L’affaire illustre une fois de plus la persistance des mauvaises habitudes héritées du régime déchu, où l’usage du nom du chef de l’État servait trop souvent à légitimer des irrégularités. Si la décision initiale du président visait à récompenser le mérite collectif, sa mise en œuvre semble avoir été dévoyée par ceux-là mêmes censés en garantir la transparence. Comment expliquer qu’un document officiel, validé par la présidence, soit corrigé à la main, comme si l’administration fonctionnait à l’improviste ? Même dans l’hypothèse où ces instructions viendraient réellement du chef de l’État, le procédé reste indéfendable.
Le site AFC Sport.com a tenté de calmer la polémique en soutenant que « le montant des primes versées aux Panthères du Gabon est à la discrétion du Chef de l’État, aucun détournement n’est possible ». Une justification qui, à l’épreuve des faits, ne convainc personne. Dans un pays où l’argument de « l’ordre venu d’en haut » a trop souvent servi de paravent à des pratiques douteuses, la version officielle sonne comme un refrain bien connu. L’affaire des primes des Panthères ne serait alors qu’un épisode supplémentaire d’une culture administrative qui refuse obstinément la rigueur et la traçabilité.
Dès lors, la question demeure entière : qui a réellement donné l’ordre de modifier le fichier des primes ? Cette question qui se pose en bon droit appelle à une clarification de la situation, car à force de tolérer ces zones d’ombre, le risque est grand de voir se reconstituer, autour du nouveau pouvoir, les mêmes réseaux d’opacité et de compromission qui ont ruiné l’ancien régime.
Le fait que Paul Kessany soit un proche collaborateur du Chef de l’État ne l’exonère ni de la critique ni de la dénonciation d’une attitude possiblement condamnable.
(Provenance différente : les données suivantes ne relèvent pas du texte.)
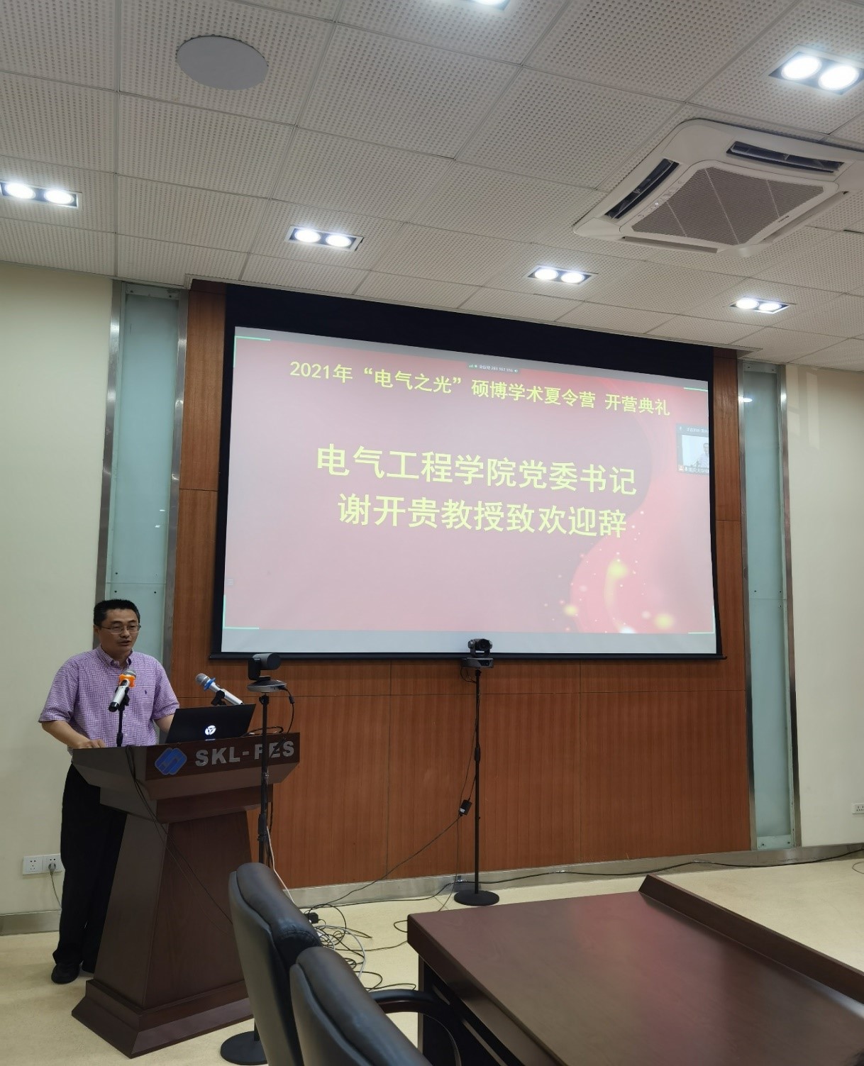 学院党委书记谢开贵教授首先致欢迎辞,谢书记对来自五湖四海的莘莘学子表示了热烈的欢迎,恭喜大家经过严格筛选入选了“电气之光”硕博学术夏令营。谢书记介绍了夏令营入营的筛选原则,对磁力猫

Tout autant que tourner en dérision cette affaire de prime ne saurait occulter la réalité d’un acte qui, à bien y regarder, pourrait relever d’un arbitraire illégal, en sectionnant unilatéralement ce qui avait été décidé et validé au sommet de l’État.
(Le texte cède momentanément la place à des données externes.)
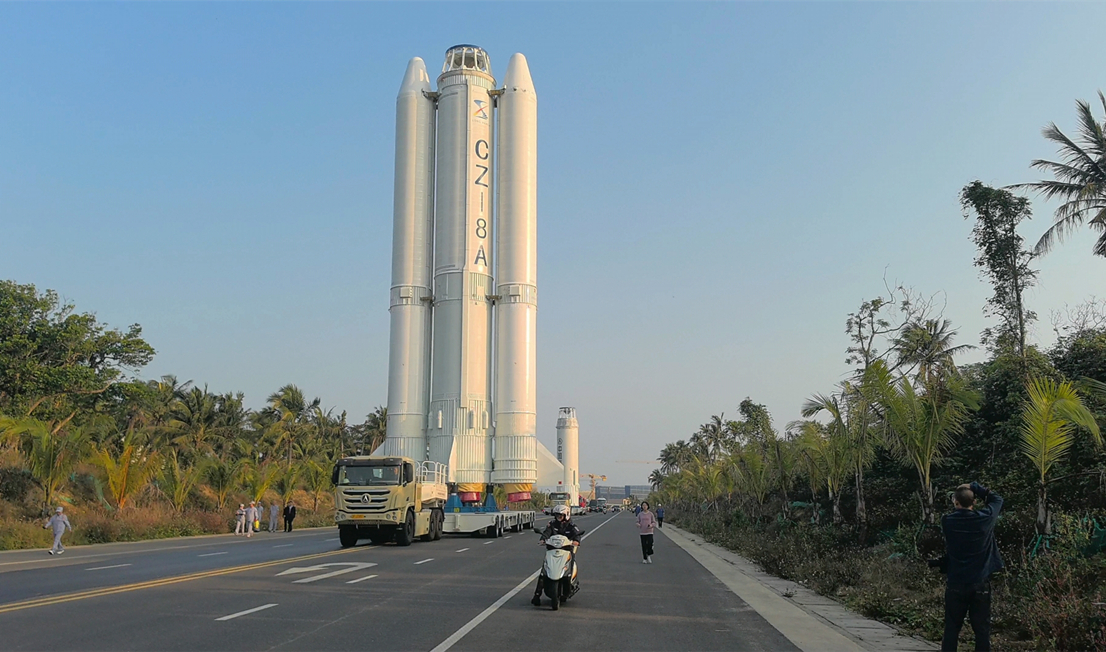 圖為火箭轉(zhuǎn)運過程中。袁曉天 攝

La présidence de la République ne saurait ignorer ce signal d’alarme. En tolérant que ses proches manipulent au stylo des documents officiels, il prend le risque de décrédibiliser son engagement pour la bonne gouvernance. Si le changement promis doit être autre chose qu’un slogan, il passe d’abord par la transparence et la sanction des dérives, fussent-elles commises par ceux qui prétendent faussement ou pas, « agir sur instruction ».